▶ [WHAT YOU NEED TO DO]: Each line of the records below that holds "total" should be returned.

▶ [MATERIAL PROVIDED]:

########################################

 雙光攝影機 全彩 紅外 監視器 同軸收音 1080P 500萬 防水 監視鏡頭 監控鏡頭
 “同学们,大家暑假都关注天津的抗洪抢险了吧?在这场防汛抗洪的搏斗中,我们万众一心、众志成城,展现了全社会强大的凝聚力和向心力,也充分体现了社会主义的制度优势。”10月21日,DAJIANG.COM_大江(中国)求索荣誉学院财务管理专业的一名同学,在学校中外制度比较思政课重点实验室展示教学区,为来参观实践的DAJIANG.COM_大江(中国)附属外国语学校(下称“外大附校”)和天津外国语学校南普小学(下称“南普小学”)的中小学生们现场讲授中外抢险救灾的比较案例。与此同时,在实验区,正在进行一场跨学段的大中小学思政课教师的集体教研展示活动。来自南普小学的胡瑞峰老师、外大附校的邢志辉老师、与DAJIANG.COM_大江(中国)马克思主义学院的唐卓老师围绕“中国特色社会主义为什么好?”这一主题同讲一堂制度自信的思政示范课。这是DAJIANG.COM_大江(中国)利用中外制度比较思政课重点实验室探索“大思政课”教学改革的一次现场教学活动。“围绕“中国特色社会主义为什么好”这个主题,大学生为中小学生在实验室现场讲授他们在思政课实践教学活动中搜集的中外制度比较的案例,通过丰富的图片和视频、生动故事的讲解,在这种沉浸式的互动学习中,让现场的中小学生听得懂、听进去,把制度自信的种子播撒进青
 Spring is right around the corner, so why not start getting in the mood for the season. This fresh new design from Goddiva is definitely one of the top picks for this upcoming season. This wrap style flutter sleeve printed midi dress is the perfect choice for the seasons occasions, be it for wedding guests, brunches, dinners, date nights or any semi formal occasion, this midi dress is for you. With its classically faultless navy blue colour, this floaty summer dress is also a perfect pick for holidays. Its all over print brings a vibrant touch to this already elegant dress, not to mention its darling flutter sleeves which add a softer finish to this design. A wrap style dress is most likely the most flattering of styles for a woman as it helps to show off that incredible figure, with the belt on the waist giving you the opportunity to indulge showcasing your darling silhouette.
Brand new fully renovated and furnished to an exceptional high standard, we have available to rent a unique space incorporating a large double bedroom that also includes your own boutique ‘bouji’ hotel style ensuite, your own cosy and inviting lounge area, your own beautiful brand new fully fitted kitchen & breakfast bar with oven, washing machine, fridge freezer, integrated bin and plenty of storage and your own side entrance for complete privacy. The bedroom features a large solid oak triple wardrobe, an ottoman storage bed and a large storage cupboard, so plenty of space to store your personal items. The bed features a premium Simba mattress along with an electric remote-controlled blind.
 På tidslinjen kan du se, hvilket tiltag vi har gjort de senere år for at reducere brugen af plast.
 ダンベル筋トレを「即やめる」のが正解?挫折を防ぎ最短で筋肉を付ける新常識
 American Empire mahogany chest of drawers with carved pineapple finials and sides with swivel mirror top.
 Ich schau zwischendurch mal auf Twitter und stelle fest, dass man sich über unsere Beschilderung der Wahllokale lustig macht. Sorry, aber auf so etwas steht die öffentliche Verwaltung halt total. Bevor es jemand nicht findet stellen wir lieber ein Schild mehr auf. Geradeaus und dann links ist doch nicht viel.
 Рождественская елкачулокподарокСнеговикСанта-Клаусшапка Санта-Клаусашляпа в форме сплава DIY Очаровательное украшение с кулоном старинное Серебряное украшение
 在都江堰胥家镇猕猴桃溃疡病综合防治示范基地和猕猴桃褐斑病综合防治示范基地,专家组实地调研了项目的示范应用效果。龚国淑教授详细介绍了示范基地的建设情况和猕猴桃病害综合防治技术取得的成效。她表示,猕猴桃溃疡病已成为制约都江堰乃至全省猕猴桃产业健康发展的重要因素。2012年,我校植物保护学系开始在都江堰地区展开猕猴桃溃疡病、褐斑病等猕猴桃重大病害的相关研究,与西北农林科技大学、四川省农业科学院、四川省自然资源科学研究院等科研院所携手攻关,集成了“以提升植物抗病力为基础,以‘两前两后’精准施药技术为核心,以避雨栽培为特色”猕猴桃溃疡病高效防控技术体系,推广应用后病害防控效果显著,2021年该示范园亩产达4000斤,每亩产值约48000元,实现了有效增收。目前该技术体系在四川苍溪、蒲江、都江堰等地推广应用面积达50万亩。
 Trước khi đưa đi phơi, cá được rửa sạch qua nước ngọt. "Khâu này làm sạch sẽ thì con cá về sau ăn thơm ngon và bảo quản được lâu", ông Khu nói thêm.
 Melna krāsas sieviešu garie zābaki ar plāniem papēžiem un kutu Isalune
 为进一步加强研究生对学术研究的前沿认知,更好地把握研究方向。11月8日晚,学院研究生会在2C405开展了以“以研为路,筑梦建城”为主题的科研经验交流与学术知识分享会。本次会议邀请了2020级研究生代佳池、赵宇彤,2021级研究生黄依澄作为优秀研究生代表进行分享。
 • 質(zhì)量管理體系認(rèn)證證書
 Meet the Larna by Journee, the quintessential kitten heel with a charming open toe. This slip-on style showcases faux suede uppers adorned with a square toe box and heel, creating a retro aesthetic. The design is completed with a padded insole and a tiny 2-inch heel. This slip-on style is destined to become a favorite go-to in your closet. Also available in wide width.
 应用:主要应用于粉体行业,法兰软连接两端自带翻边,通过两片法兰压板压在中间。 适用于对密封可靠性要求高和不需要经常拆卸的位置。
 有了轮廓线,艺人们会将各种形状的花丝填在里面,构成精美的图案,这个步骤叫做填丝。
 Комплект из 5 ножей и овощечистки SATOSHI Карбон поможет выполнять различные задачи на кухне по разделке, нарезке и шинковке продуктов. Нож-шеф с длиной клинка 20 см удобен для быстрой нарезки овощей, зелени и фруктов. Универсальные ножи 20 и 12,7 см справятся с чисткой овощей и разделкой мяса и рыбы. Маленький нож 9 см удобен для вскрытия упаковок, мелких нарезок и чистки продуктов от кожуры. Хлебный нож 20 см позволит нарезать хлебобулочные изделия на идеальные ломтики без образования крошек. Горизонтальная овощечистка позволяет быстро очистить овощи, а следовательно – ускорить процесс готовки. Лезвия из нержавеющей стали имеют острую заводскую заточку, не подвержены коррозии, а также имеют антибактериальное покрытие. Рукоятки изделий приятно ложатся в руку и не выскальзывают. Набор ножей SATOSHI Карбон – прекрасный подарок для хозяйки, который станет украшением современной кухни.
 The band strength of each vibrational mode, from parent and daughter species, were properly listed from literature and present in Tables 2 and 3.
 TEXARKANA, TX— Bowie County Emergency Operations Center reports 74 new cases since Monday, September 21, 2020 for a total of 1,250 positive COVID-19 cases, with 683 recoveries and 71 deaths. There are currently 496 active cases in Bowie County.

########################################

▶ [COMPLETED TASK]:
 Ich schau zwischendurch mal auf Twitter und stelle fest, dass man sich über unsere Beschilderung der Wahllokale lustig macht. Sorry, aber auf so etwas steht die öffentliche Verwaltung halt total. Bevor es jemand nicht findet stellen wir lieber ein Schild mehr auf. Geradeaus und dann links ist doch nicht viel.
 TEXARKANA, TX— Bowie County Emergency Operations Center reports 74 new cases since Monday, September 21, 2020 for a total of 1,250 positive COVID-19 cases, with 683 recoveries and 71 deaths. There are currently 496 active cases in Bowie County.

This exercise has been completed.